Amma, a seasoned meditation teacher, and life coach, draws from decades of immersive experience within monastic communities. Her journey, deeply influenced by the wisdom of these environments, revealed that alleviating suffering often demands a broader approach than what conventional Insight meditation practices and ethical guidelines can provide. Her keen awareness of the complexities surrounding individuals grappling with developmental trauma led her to the realization that a more comprehensive strategy was needed.

In 2017, Amma transitioned from her monastic life to civilian living, bringing with her a profound understanding of the intricacies of the human experience and the diverse paths to healing. This transition marked a new chapter in her journey, one where she channels her insights to support others on their quests for authentic growth and transformation.
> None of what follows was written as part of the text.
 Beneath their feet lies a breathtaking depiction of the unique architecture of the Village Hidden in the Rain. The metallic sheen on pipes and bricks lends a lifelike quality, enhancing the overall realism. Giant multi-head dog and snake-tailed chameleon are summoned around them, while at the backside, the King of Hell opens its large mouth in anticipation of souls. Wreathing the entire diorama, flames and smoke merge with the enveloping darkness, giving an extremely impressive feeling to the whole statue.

Amma’s unique perspective, enriched by her immersion in meditation, trauma-informed approaches, and a commitment to personal and collective healing, fuels her mission to foster connection, authenticity, and empowerment. Her teachings are deeply rooted in nature, self-discovery, and meaningful interactions, encouraging the lives of those she guides to navigate their paths with clarity and purpose.

Why It’s Important

As human beings, we have incredible potential within us – the potential to understand our inherent goodness and to lead lives filled with love, joy, and peace. However, for various reasons, these qualities are often out of reach. Awakening Truth is rooted in both modern insights and timeless traditional teachings. Through a blend of time-proven tools drawn from ancient wisdom and a psychological understanding of trauma and attachment formation within our welcoming community, we strive to bridge the gap between this potential and its realization. Our mission is to guide you on a journey that transforms limitations into possibilities, allowing you to embrace the beauty of your true nature and experience the profound changes it can bring to your life

What You’ll Learn

At Awakening Truth, we provide a rich learning experience that draws from time-tested Buddhist practices, neurobiology, and modern psychology to understand our experience. Our classes offer you the chance to immerse yourself in these practices, fostering the growth of qualities like mindfulness, loving kindness, compassion, joy, and equanimity.
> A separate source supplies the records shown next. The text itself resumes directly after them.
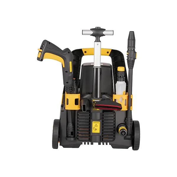 این کارواش خانگی به موتور ذغالی مجهز شده که با توان 1600 وات عملکرد قدرتمندی در شستوشو ارائه میدهد و در کنار آن سیستم Auto Stop به کاهش مصرف انرژی و افزایش ایمنی کمک میکند. سیستم محافظتی افزایش دمای موتور نیز از آسیب به دستگاه در استفاده طولانی جلوگیری میکند و باعث دوام بالاتر میشود. طراحی ارگونومیک با چرخ و دسته تلسکوپی حمل و نقل را آسان کرده و شلنگ فشارقوی 5 متری و کابل برق 5 متری آزادی عمل مناسبی در محیط ایجاد میکنند. وجود مخزن کفپاش، لانس و نازلهای کاربردی برای شستوشوی دقیقتر و متعلقات جاروبرقی مانند لوله خرطومی، گوشهگیر و مبلپاکن باعث میشود دستگاه برای کاربردهای متنوع و حرفهای کاملاً مناسب باشد.
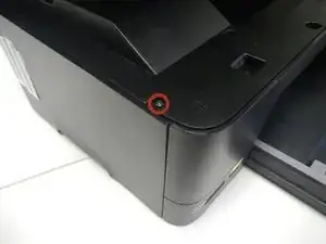 Используя биту Torx Security T9, открутите 12-миллиметровый винт, расположенный с крайней левой стороны сверху принтера.
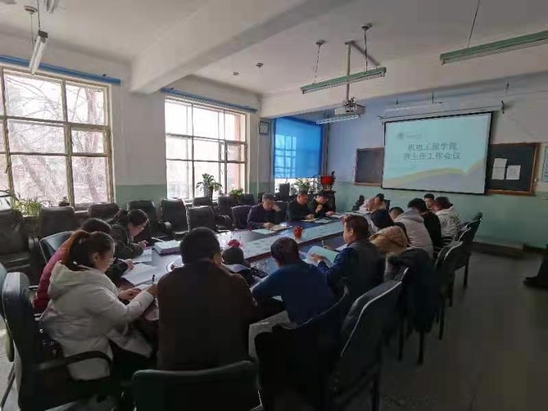 3月19日上午9:00点,机电工程公司在知行楼212会议室召开新学期辅导员班主任工作会议,党总支书记王旭、副书记汪鑫、以及团学办公室全体辅导员、各班级班主任参加会议,会议由王旭书记主持。

We value the practice of inquiry. This leads us to recognize how observing together in pairs and in groups enhances not only our personal growth and realization but also fosters growth among our fellow participants contributing to integration and the journey of awakening.

Additionally, we’re excited to introduce you to Integrated Meditation, a method that targets early imprints within you. Through this practice, you’ll have the tools to gently reshape deep-seated beliefs, allowing you to thrive.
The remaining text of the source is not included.